# WHAT TO DO
Once the line containing "-> Cricket Live" is reached, copy it and every line after it exactly, to the end of the material, without pictures.

# INPUT DATA

--------------------------------

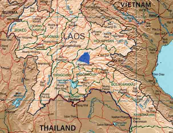 An American bomb damaged the cave during the Vietnam War, when the Pathet Lao used it as a stronghold - the surrounding area still has trench systems and bomb craters. The land is littered with metal shrapnel. The town of Xieng Khouang was destroyed during the fighting between the Pathet Lao and American backed anti-communist troops. A new town was built in the mid 1970s, known to foreigners as Phonsavan.
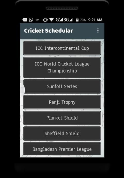 -> Cricket Live Score & Schedule app you will get live updates on all the formats of Cricket like ODI, Test, T20, IT20, League,National T20 Cup, IPL,BBL,BBL Schedule,Big Bash Schedule Quadrangular one-day series,cricket cup 2016, ipl9 as well as all the international series.
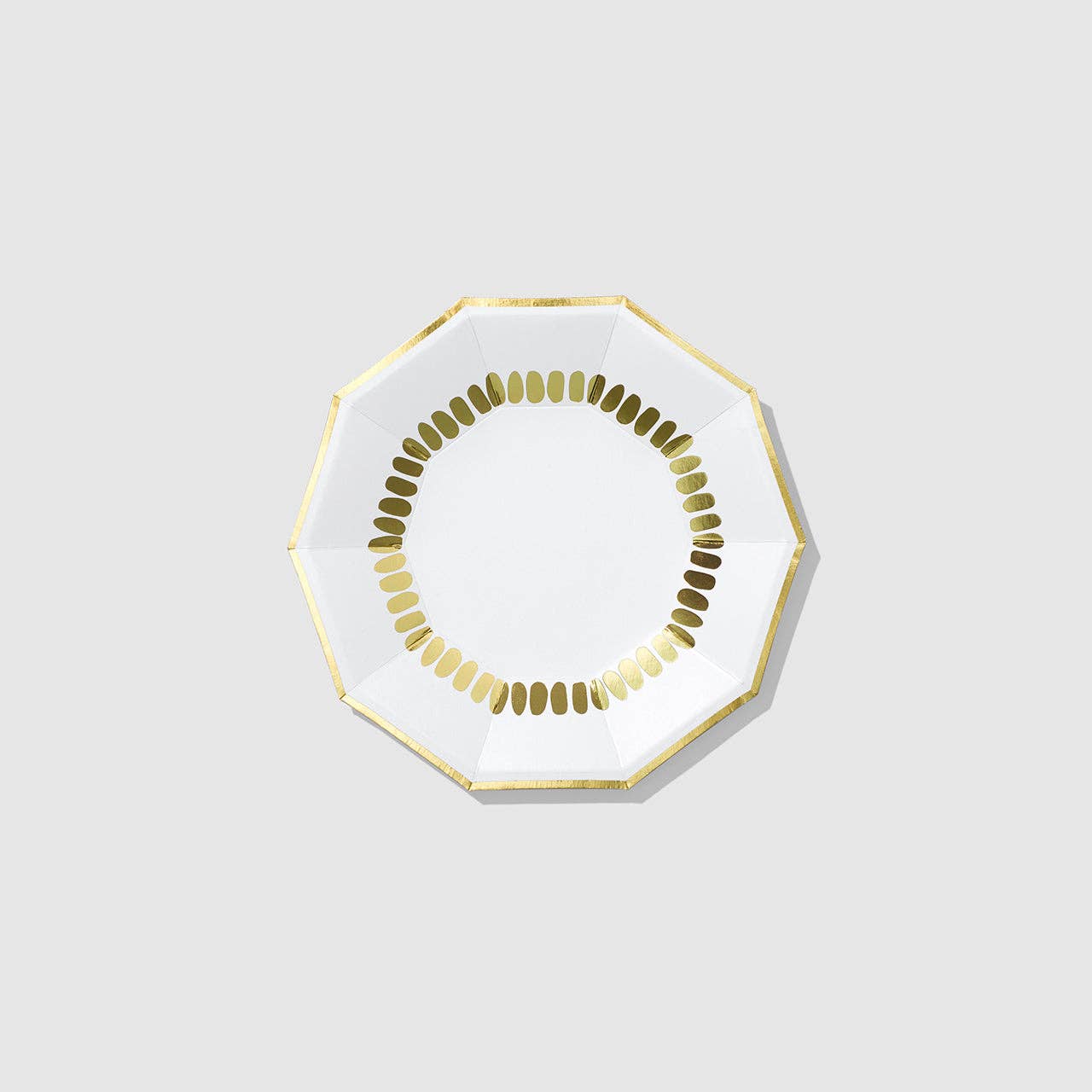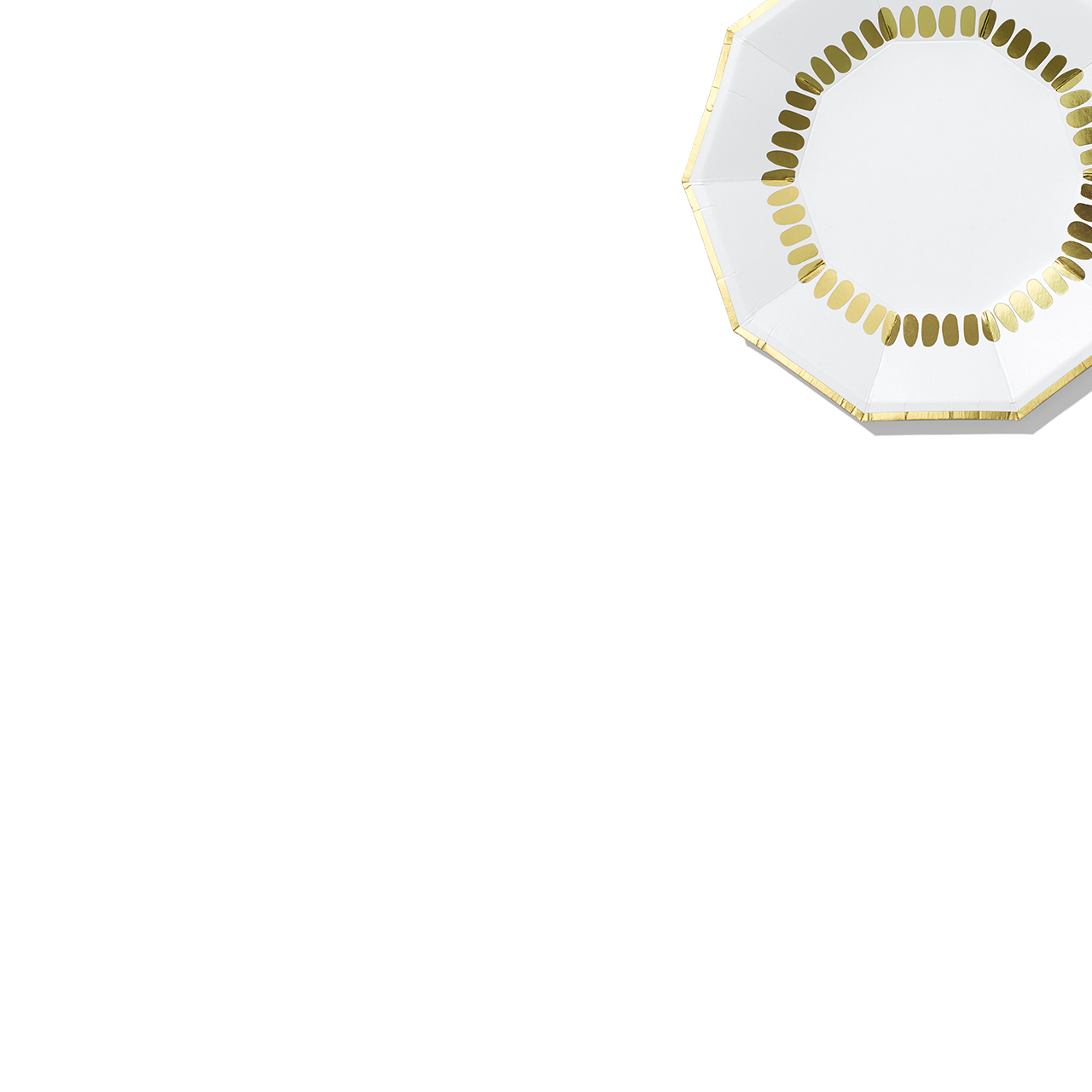 Equal parts decadent and minimalist, these glittery small plates pair white and gold to unforgettable effect. Includes 10 plates. Details * 7.25" paper plates * Pack of 10 * Recyclable and compostable * Extra sturdy - grab that extra slice of cake!

--------------------------------

# COMPLETED TASK
 -> Cricket Live Score & Schedule app you will get live updates on all the formats of Cricket like ODI, Test, T20, IT20, League,National T20 Cup, IPL,BBL,BBL Schedule,Big Bash Schedule Quadrangular one-day series,cricket cup 2016, ipl9 as well as all the international series.
 Equal parts decadent and minimalist, these glittery small plates pair white and gold to unforgettable effect. Includes 10 plates. Details * 7.25" paper plates * Pack of 10 * Recyclable and compostable * Extra sturdy - grab that extra slice of cake!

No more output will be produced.